This week’s featured open-source project is Lumos, a Python library built to compare metrics between two datasets, accounting for population differences and invariant features.
Lumos was open sourced this month by Microsoft. In a technical paper that shows the results from a real-world deployment of Lumos in Microsoft RTC applications , the Microsoft team wrote: “Regressions in metric values need to be detected and diagnosed as early as possible to reduce the disruption to users and product owners.”
“It has enabled engineering teams to detect 100s of real changes in metrics and reject 1000s of false alarms detected by anomaly detectors,” the team added.
According to Microsoft, regressions commonly surface due to genuine product regressions, changes in user population, and bias due to telemetry loss or processing.
The application of Lumos has resulted in freeing up as much as 95% of the time allocated to metric-based investigations. Now the project has been open sourced, it can be coupled with any production system to manage the volume of alerting efficiently, Microsoft explained.
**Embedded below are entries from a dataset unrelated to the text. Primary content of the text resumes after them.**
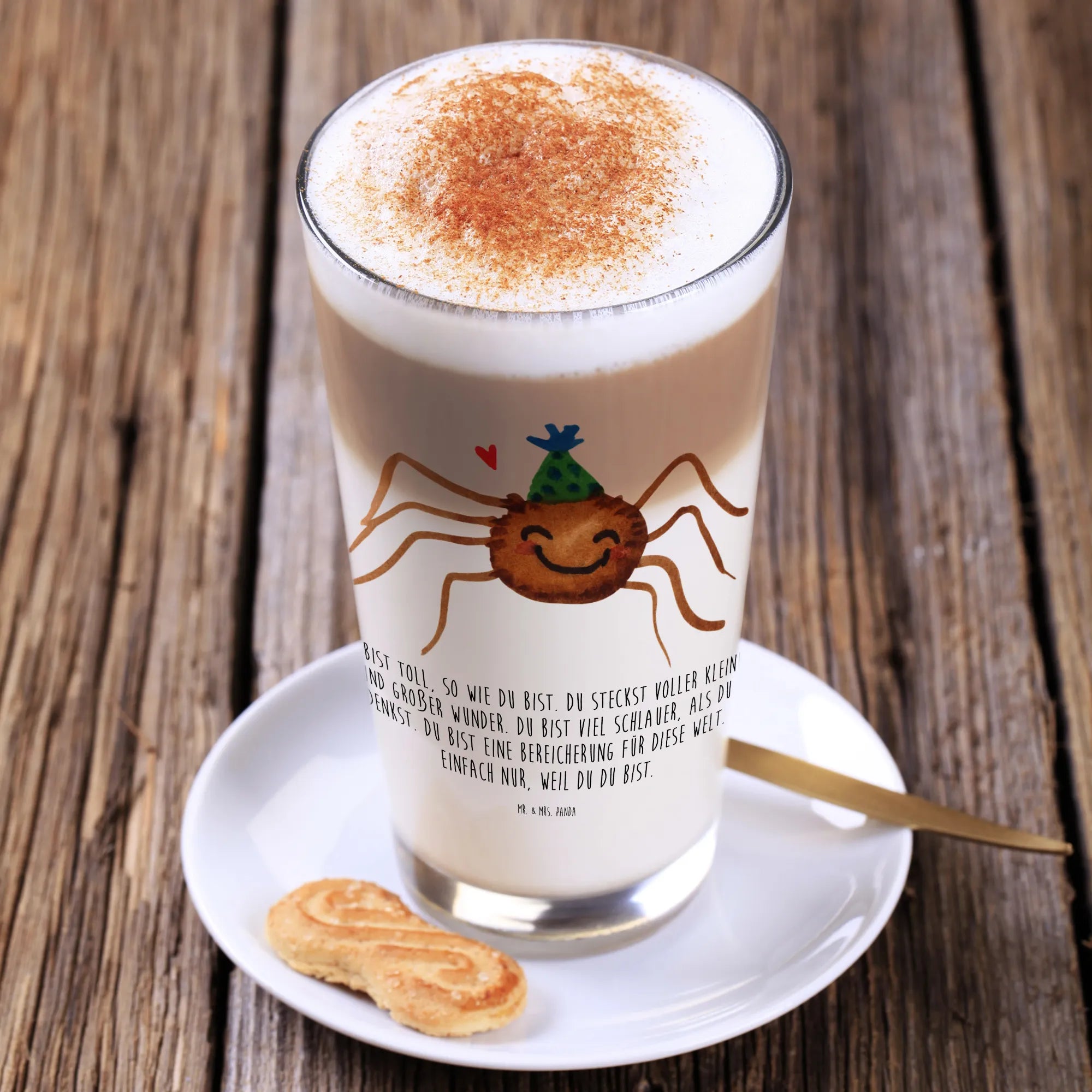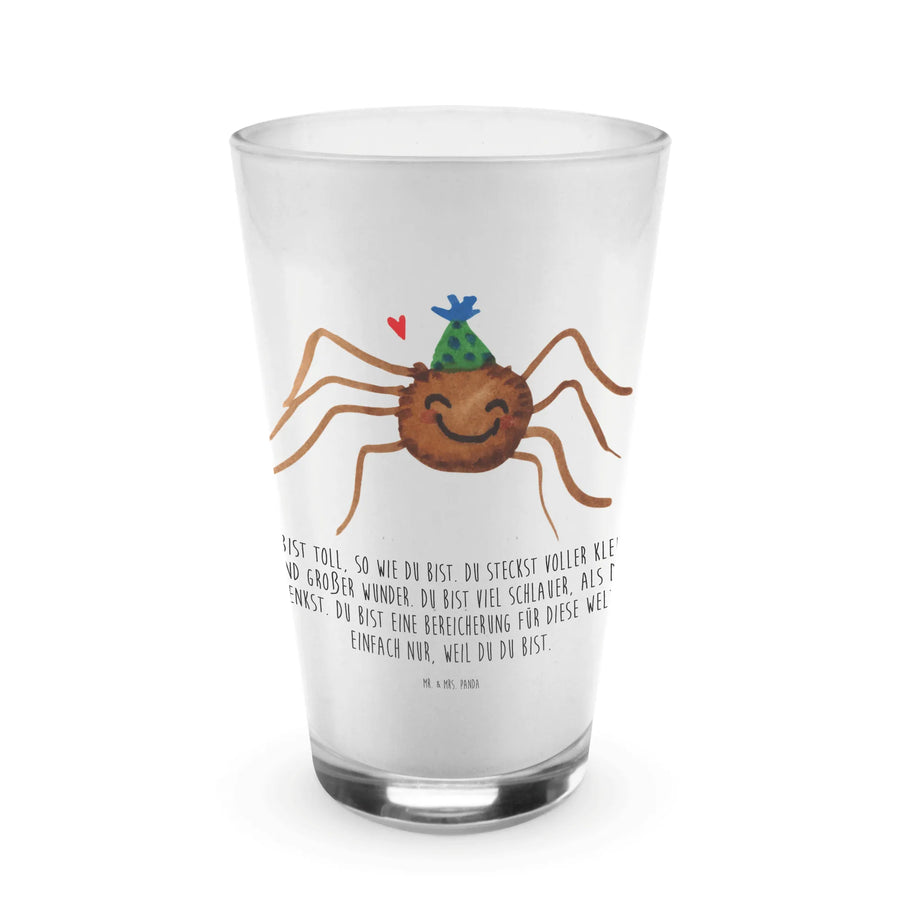 Das edle Cappuccino Glas "Spinne Agathe Party" von Mr. & Mrs. Panda ist die perfekte Geschenkidee für all jene, die Lebensfreude und Selbstliebe zelebrieren möchten.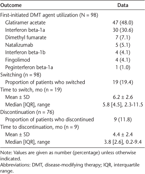 Most patients started with platform injectables (glatiramer acetate and interferon), and approximately one in three patients starting on their first disease-modifying therapy either discontinued or switched within 6 months of therapy initiation during follow-up.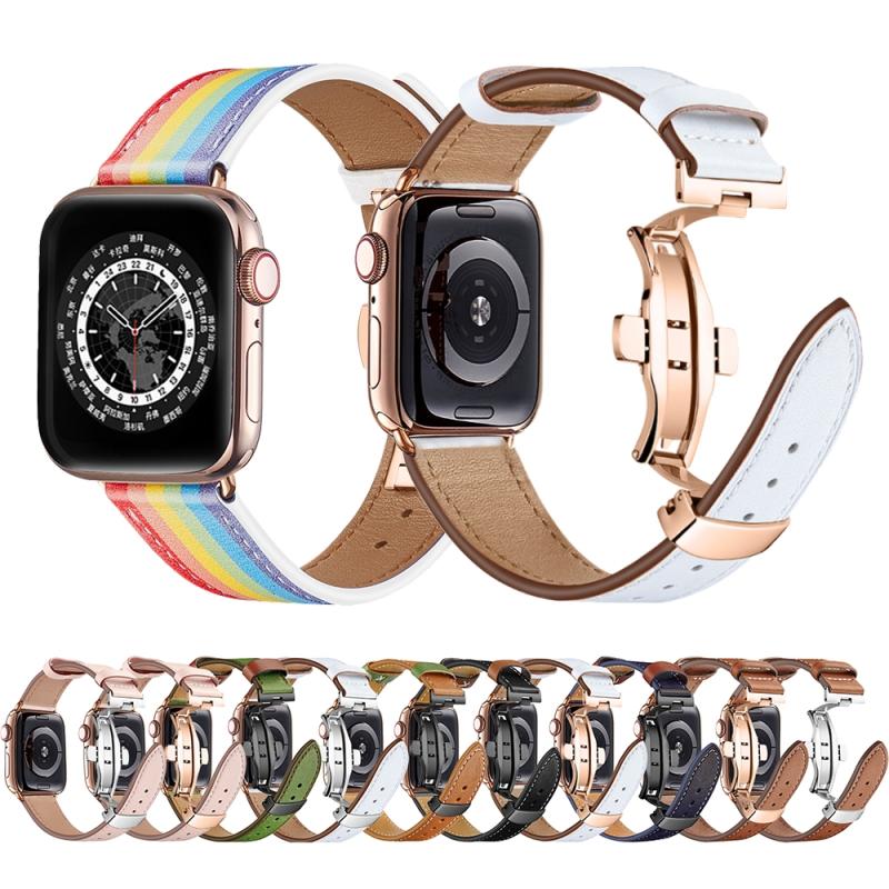 Λουράκι ρολογιού από γνήσιο δέρμα με αγκράφα πεταλούδας για Apple Watch Ultra 49mm & Watch Ultra 2 49mm / Series 9 & 8 & 7 45mm / SE 3 & SE 2 & 6 & SE & 5 & 4 44mm / 3 & 2 & 1 42mm (Πράσινο + Μαύρη αγκράφα)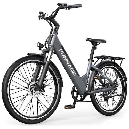 A e-bike Funhang EB-C2 oferece motor 500W (pico 1000W), bateria removível de 48V, 5 modos de pilotagem, suspensão dianteira, bagageiro, freios a disco e quadro step-through. Ideal para adultos de até 136 kg.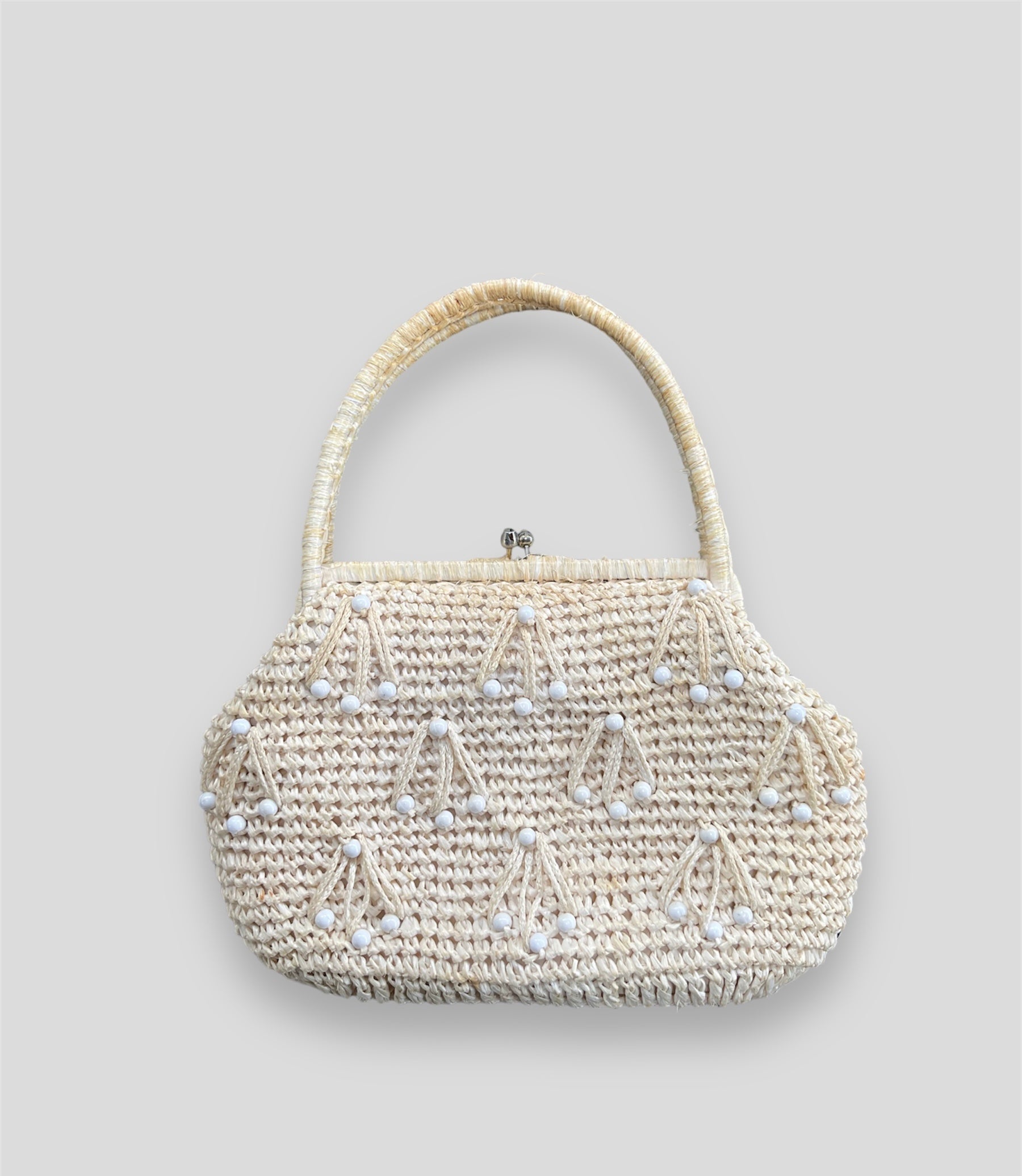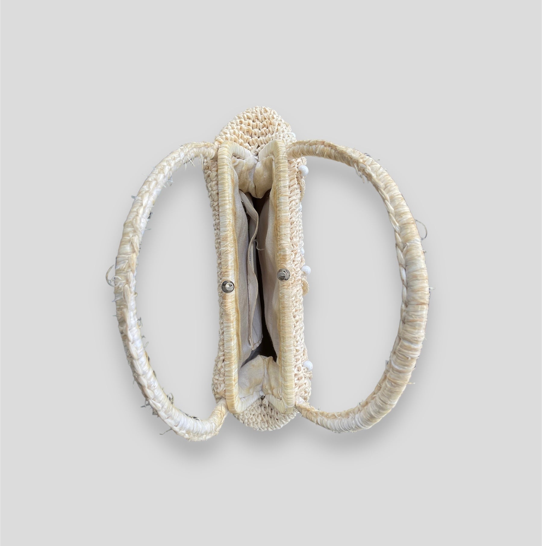 This super cute and summery purse is in great condition. All beads are in fact still attached to the bag. There are slight signs of wear on the interior but it has been cleaned (like everything else!).

The solution uses a new methodology that includes existing, domain-specific anomaly detectors, but was found to reduce the false-positive alert rate by over 90%. It also provides insight into locating the root cause of a Key Performance Indicator (KPI) incident.
Lumos uses the principles of A/B testing and compares the dataset before the metric anomaly and the dataset during the metric anomaly. The configuration file contains hyper-parameters for running the workflow and details which columns in the dataset correspond to the metric, invariant, and hypothesis columns.
This project has adopted the Microsoft Open Source Code of Conduct and is welcoming contributions and suggestions.